题目
Given an array of integers arr.
We want to select three indices i, j and k where (0 <= i < j <= k < arr.length).
Let’s define a and b as follows:
a = arr[i] ^ arr[i + 1] ^ ... ^ arr[j - 1]
b = arr[j] ^ arr[j + 1] ^ ... ^ arr[k]
Note that ^ denotes the bitwise-xor operation.

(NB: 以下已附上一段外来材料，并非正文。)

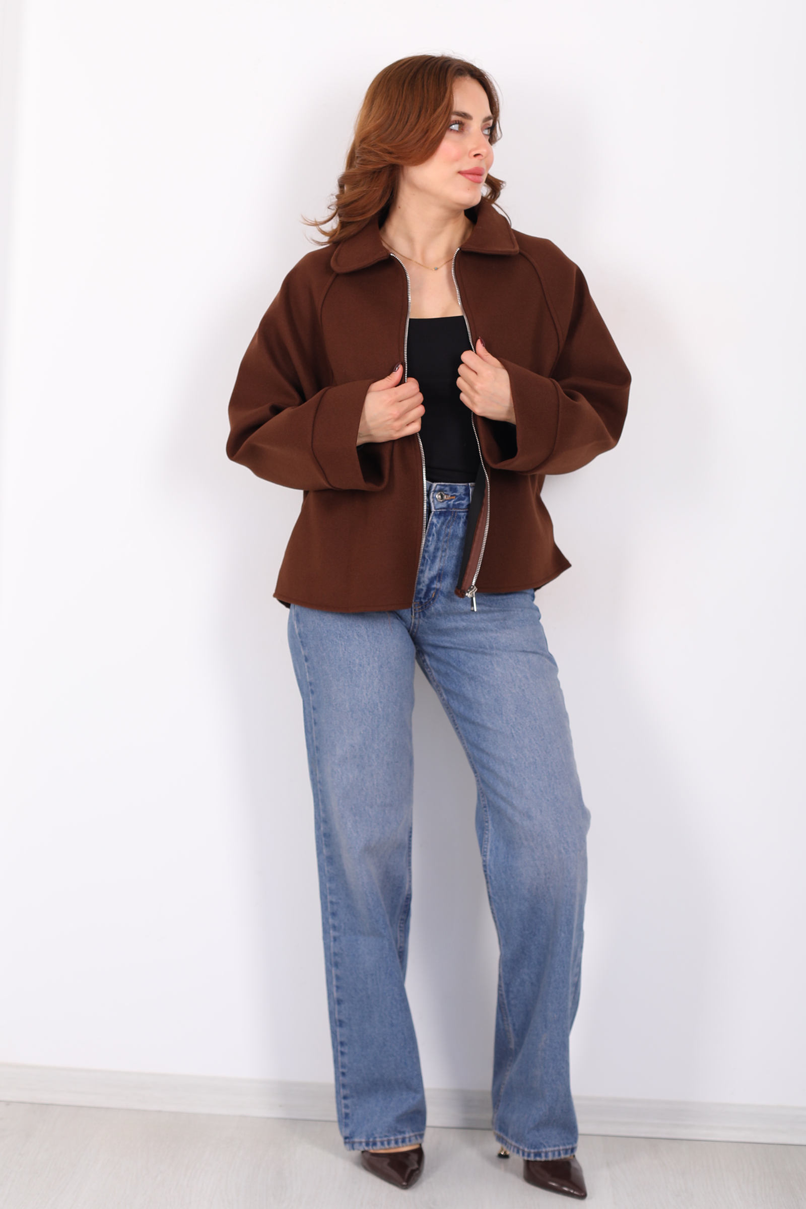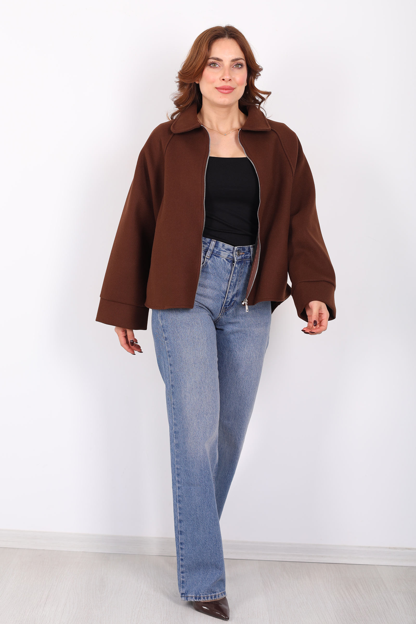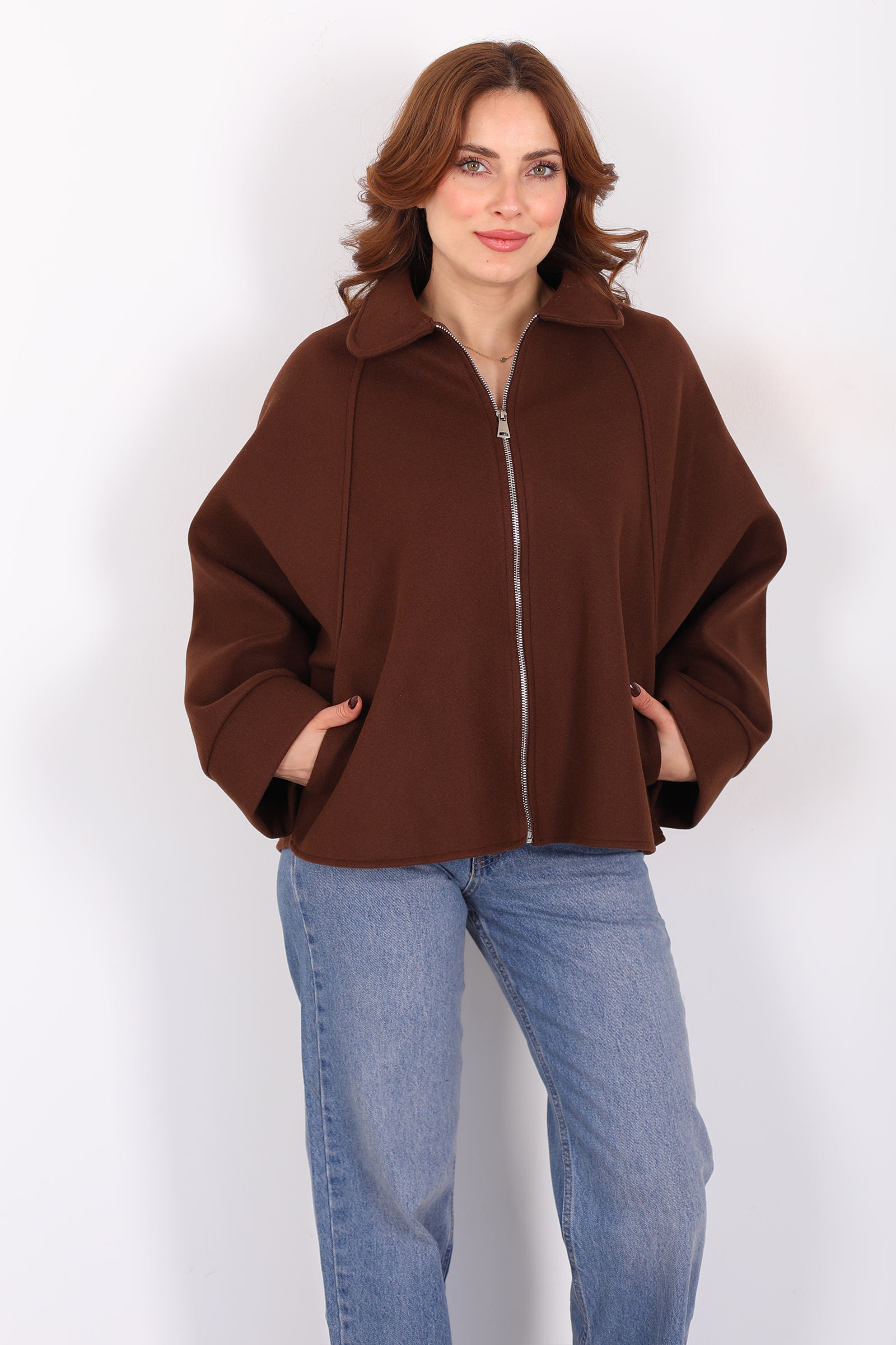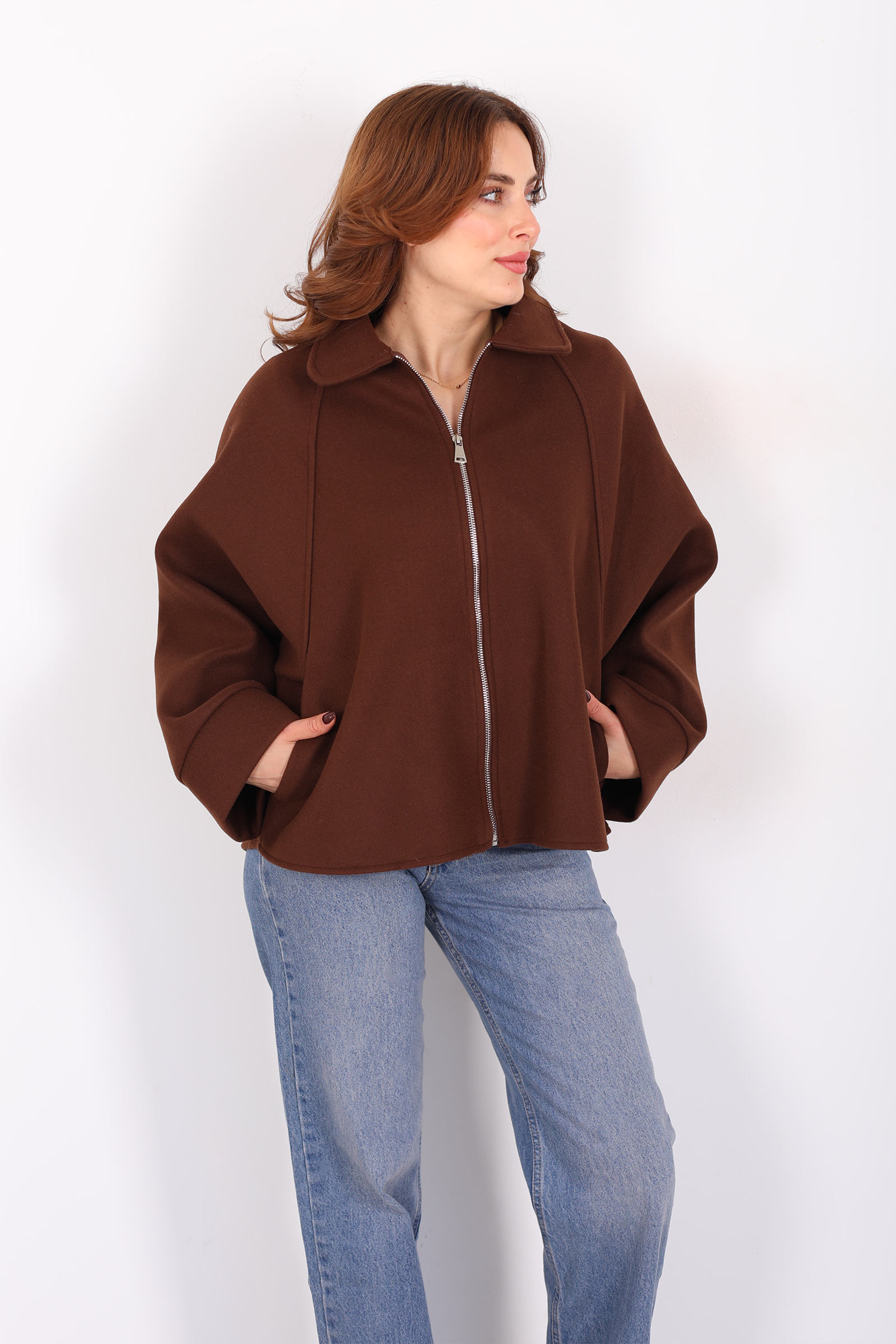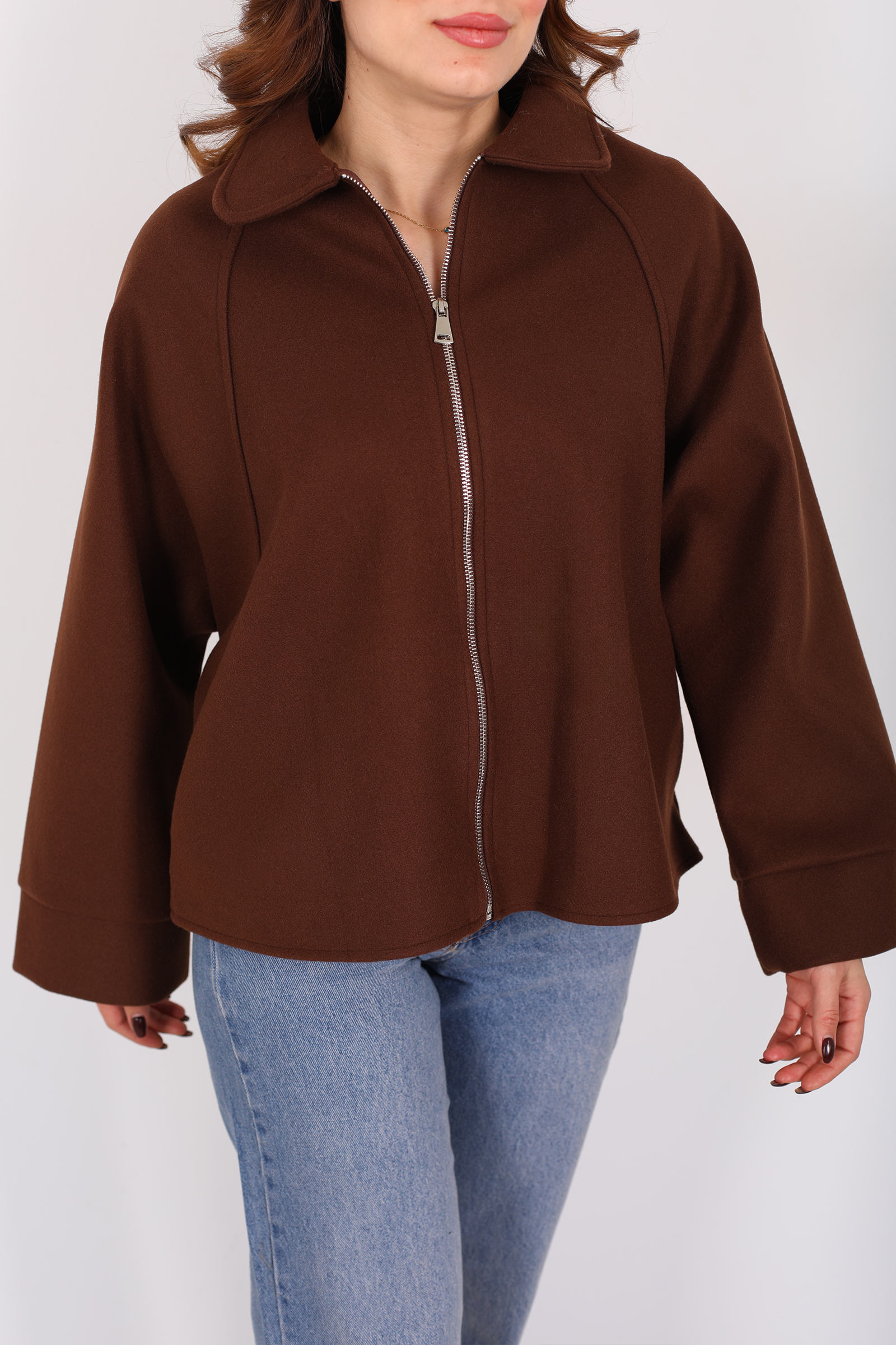 Kahverenginin sıcak tonuyla hayat bulan bu kaşe ceket, yarasa kol kesimiyle stilinize akıcı ve dinamik bir hava katıyor. Fermuar kapama, klasik dış giyim anlayışını güncel bir detayla buluştururken görünümünüzde sportif bir ritim oluşturur. Yumuşak kaşe dokusu soğuk günlerde ihtiyaç duyduğunuz sıcaklığı sağlar ve günlük kullanıma uyumlu konfor sunar. Bu ceket, jean’den kumaş pantolona kadar farklı alt giyimlerle dengeli bir uyum kurarak casual’dan smart casual’a pek çok kombinde yer alabilir. Sadelikten vazgeçmeyen ama detaylarla fark yaratmak isteyenler için ideal bir dış giyim parçası.

Return the number of triplets (i, j and k) Where a == b.
解题思路
由下面的式子我们可以使用类似部分和的思想,快速求出连续数组的异或的结果
X = a0 ^ a1 ^ ... ^ ai-1
Y = a0 ^ a1 ^ ... ^ ai-1 ^ ai ^ ...^ aj-1
Z = a0 ^ a1 ^ ... ^ ai-1 ^ ai ^ ...^ aj-1 ^ aj ^ ... ^ ak
X ^ Y = ai ^ ...^ aj-1
Y ^ Z = aj ^ ... ^ ak
就先求出这个数组,然后遍历ijk,只需要判断X^Y与Y^Z是否相等,来决定是不是一组解
代码
class Solution:
def countTriplets(self, arr: List[int]) -> int:
n = len(arr)
ps = [0] * (n + 1)
for i in range(n):
ps[i + 1] = ps[i] ^ arr[i]
res = 0
for i in range(n - 1):
for j in range(i + 1, n):
for k in range(j, n):
if ps[i] ^ ps[j] == ps[j] ^ ps[k + 1]:
res += 1
return res